= Beginning of Section =

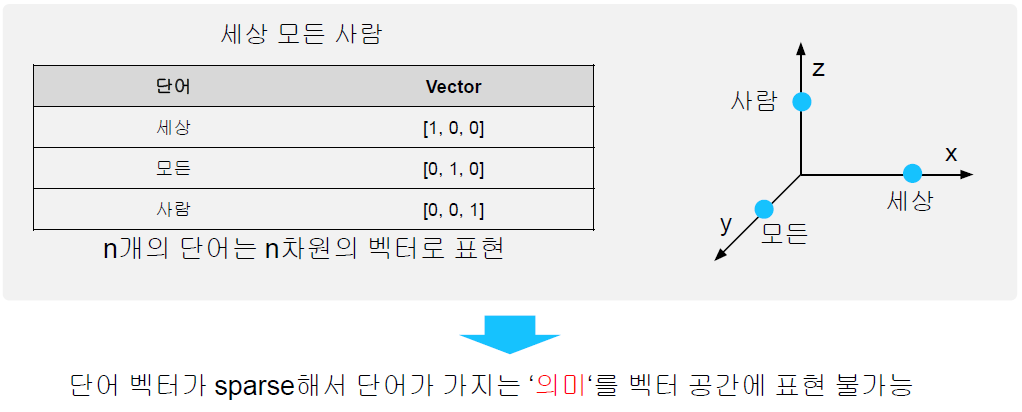 가장 단순한 표현 방법은 one-hot encoding 방식 → Sparse representation
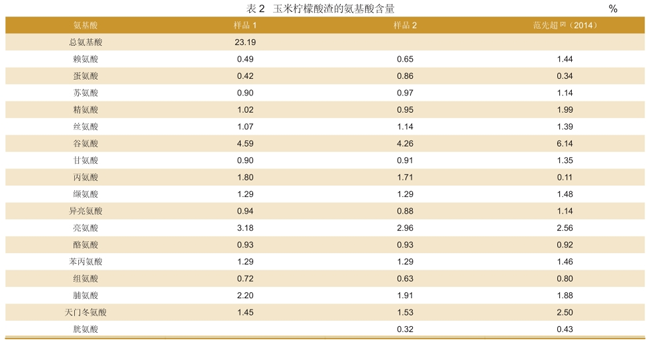 玉米柠檬酸渣含有丰富的氨基酸如表2所示。由于玉米柠檬酸渣中还含有发酵菌体蛋白及残留的柠檬酸,其营养价值和适口性均优于大多数其他的玉米蛋白副产品。但是从表2中的数据来看,不同来源的玉米柠檬酸渣在氨基酸含量方面可能存在较大差异,最好是经过检测后再使用。
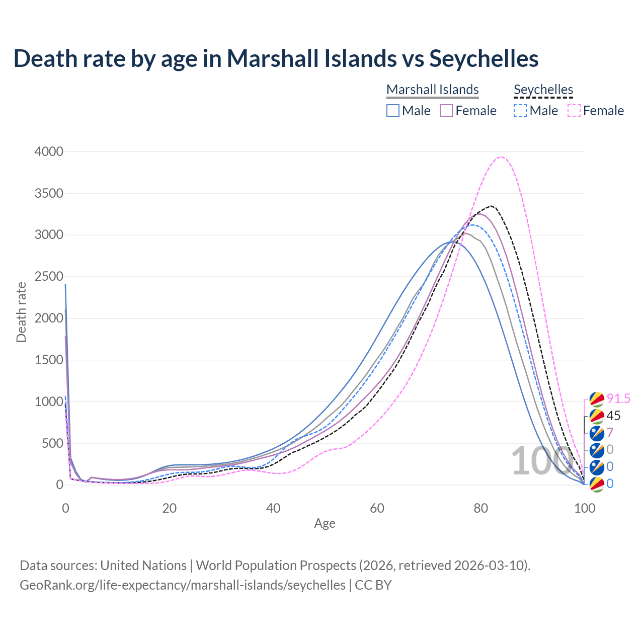 In the Marshall Islands, the most common age of death is 77, compared to 82 in the Seychelles. The median age of death is 72 in the Marshall Islands and 77 in the Seychelles, meaning only half of each cohort is expected to live past that age.
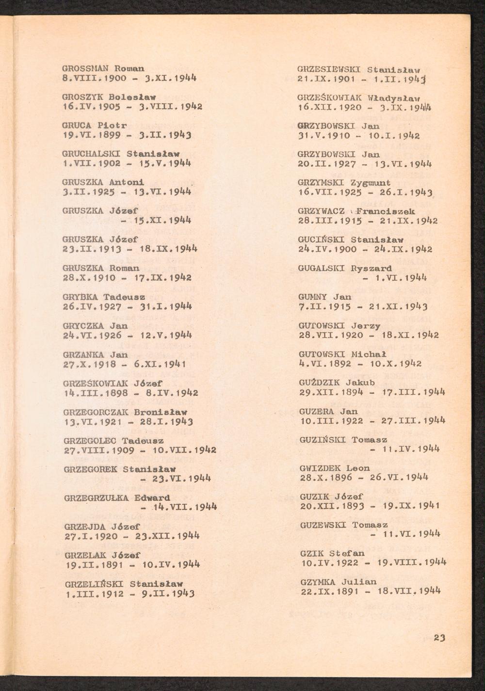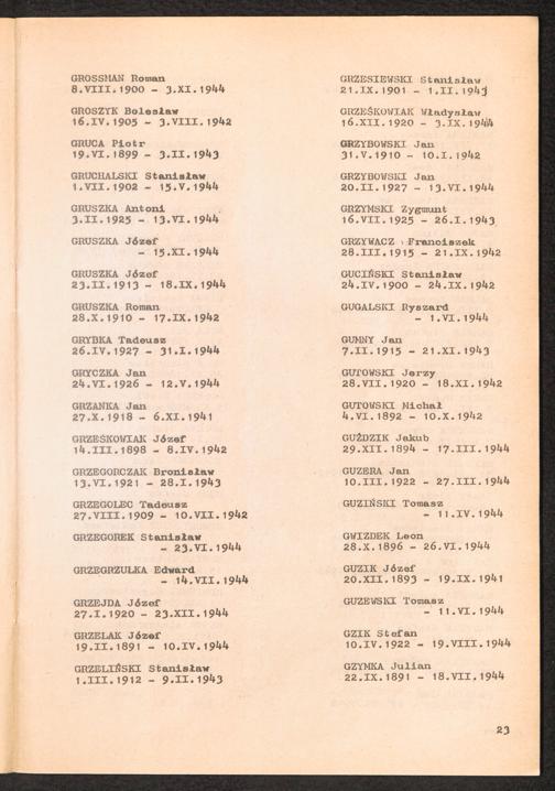 1981: Przezylismy Gross Rosen Tom III, Ksiega pomordowanych, Zeszyt 1 : Wykaz pomordowanych ze zbiorow Romana Olszyny

= End of Section =

**WHAT TO PRODUCE**: Beginning with the line in which "玉米柠檬酸渣含有丰富的氨基酸" appears, repeat exactly each line down to the close of the material, leaving every picture out.

**RESULT OF THE EXERCISE**:
 玉米柠檬酸渣含有丰富的氨基酸如表2所示。由于玉米柠檬酸渣中还含有发酵菌体蛋白及残留的柠檬酸,其营养价值和适口性均优于大多数其他的玉米蛋白副产品。但是从表2中的数据来看,不同来源的玉米柠檬酸渣在氨基酸含量方面可能存在较大差异,最好是经过检测后再使用。
 In the Marshall Islands, the most common age of death is 77, compared to 82 in the Seychelles. The median age of death is 72 in the Marshall Islands and 77 in the Seychelles, meaning only half of each cohort is expected to live past that age.
 1981: Przezylismy Gross Rosen Tom III, Ksiega pomordowanych, Zeszyt 1 : Wykaz pomordowanych ze zbiorow Romana Olszyny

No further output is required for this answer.